__Exercise__: Would you please repeat exactly the entries below, starting at the line with "Skab sammenhæng i" and ending at the line with "돈가스용 돼지고기를 연육 망치로 더더 얇게 펴주세요", and nothing outside that range? Leave out the pictures.

__Supplied data__:
- Opening Delimiter -
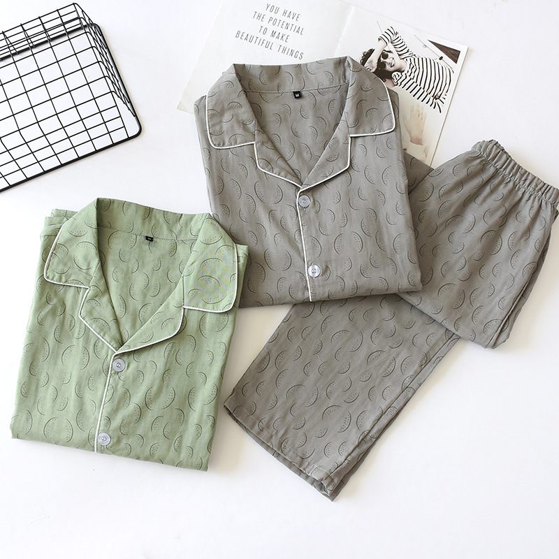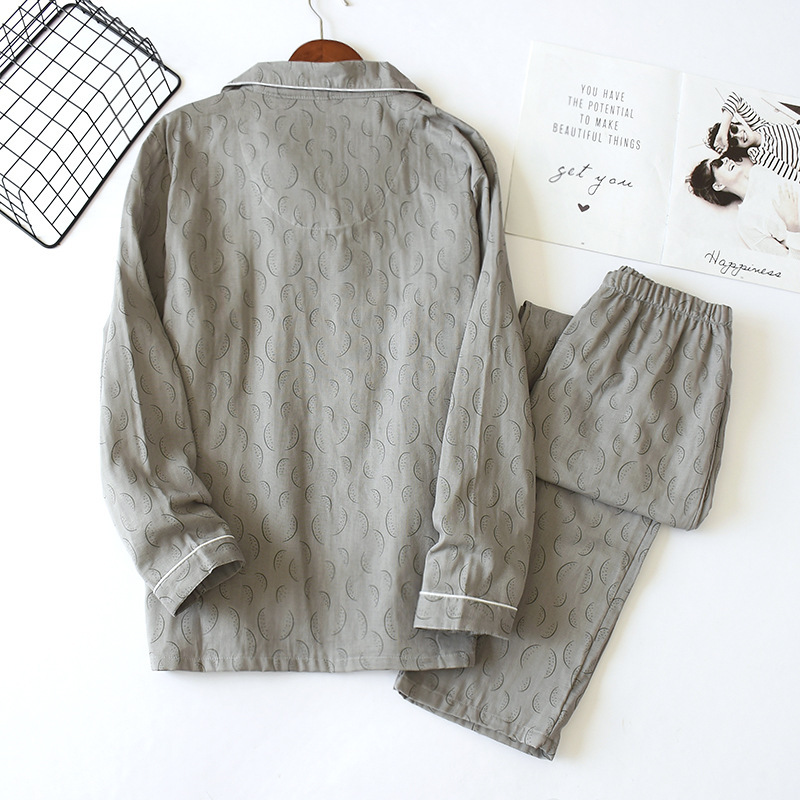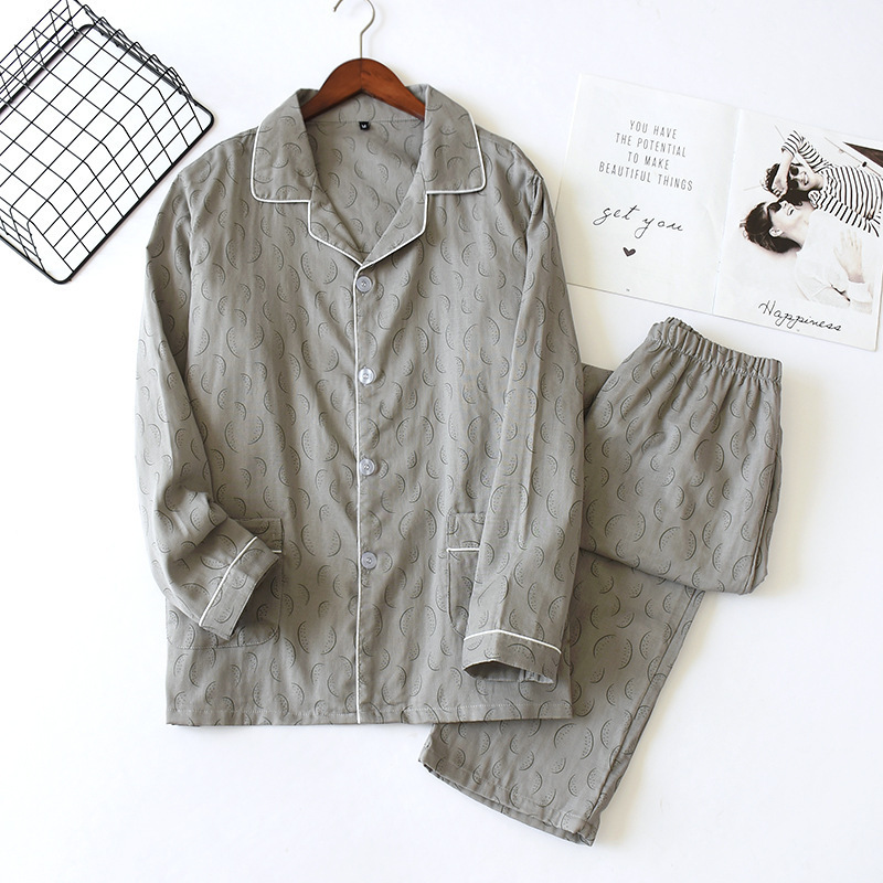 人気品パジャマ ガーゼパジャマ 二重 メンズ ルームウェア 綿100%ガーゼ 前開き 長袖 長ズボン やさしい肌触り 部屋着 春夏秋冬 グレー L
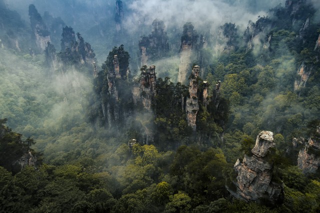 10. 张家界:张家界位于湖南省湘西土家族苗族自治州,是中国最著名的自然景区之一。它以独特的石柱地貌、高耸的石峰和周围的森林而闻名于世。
- Closing Delimiter -
- Opening Delimiter -
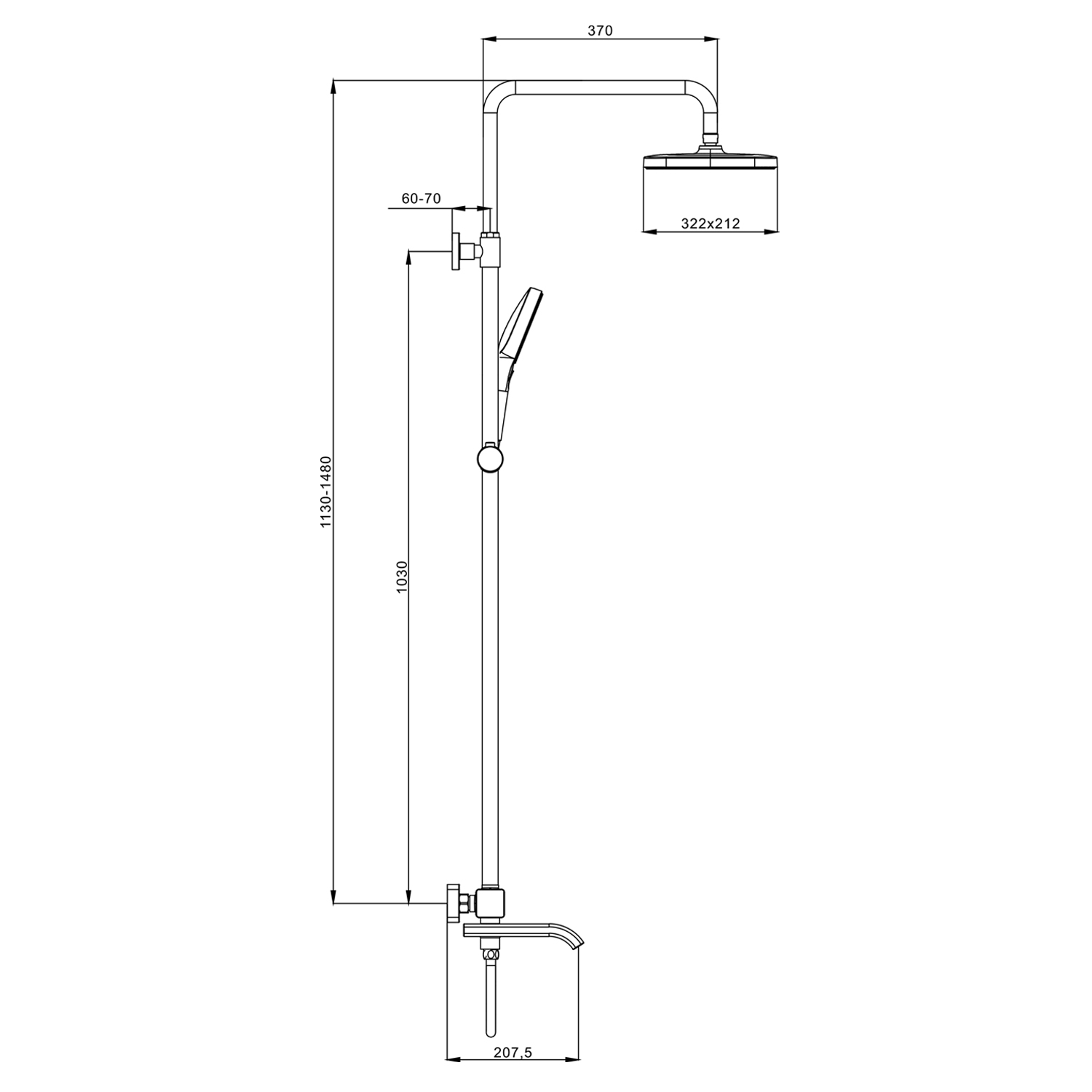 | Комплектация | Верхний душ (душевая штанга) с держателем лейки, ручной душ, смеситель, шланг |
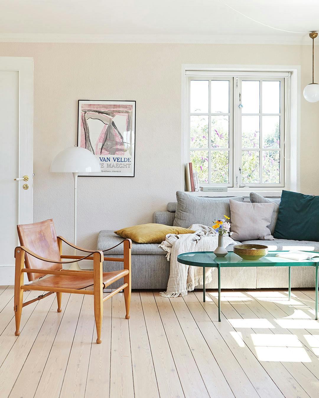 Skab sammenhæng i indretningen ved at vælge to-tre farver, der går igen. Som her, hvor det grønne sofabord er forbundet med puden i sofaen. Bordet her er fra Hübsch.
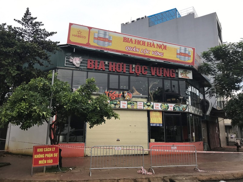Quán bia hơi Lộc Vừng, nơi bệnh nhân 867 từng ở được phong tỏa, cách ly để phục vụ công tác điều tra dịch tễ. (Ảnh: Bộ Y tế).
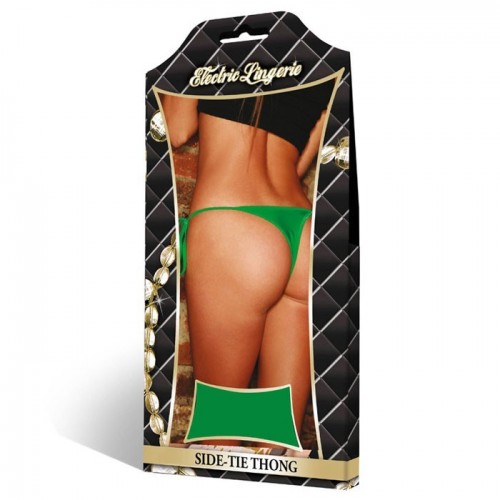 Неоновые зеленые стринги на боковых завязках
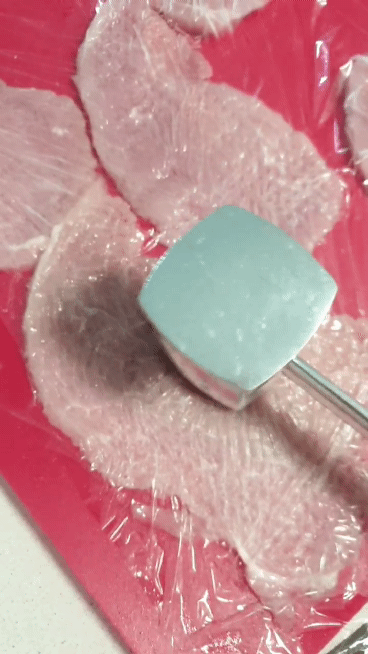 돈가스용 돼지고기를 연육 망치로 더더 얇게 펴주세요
- Closing Delimiter -
__Solved problem__:
 Skab sammenhæng i indretningen ved at vælge to-tre farver, der går igen. Som her, hvor det grønne sofabord er forbundet med puden i sofaen. Bordet her er fra Hübsch.
Quán bia hơi Lộc Vừng, nơi bệnh nhân 867 từng ở được phong tỏa, cách ly để phục vụ công tác điều tra dịch tễ. (Ảnh: Bộ Y tế).
 Неоновые зеленые стринги на боковых завязках
 돈가스용 돼지고기를 연육 망치로 더더 얇게 펴주세요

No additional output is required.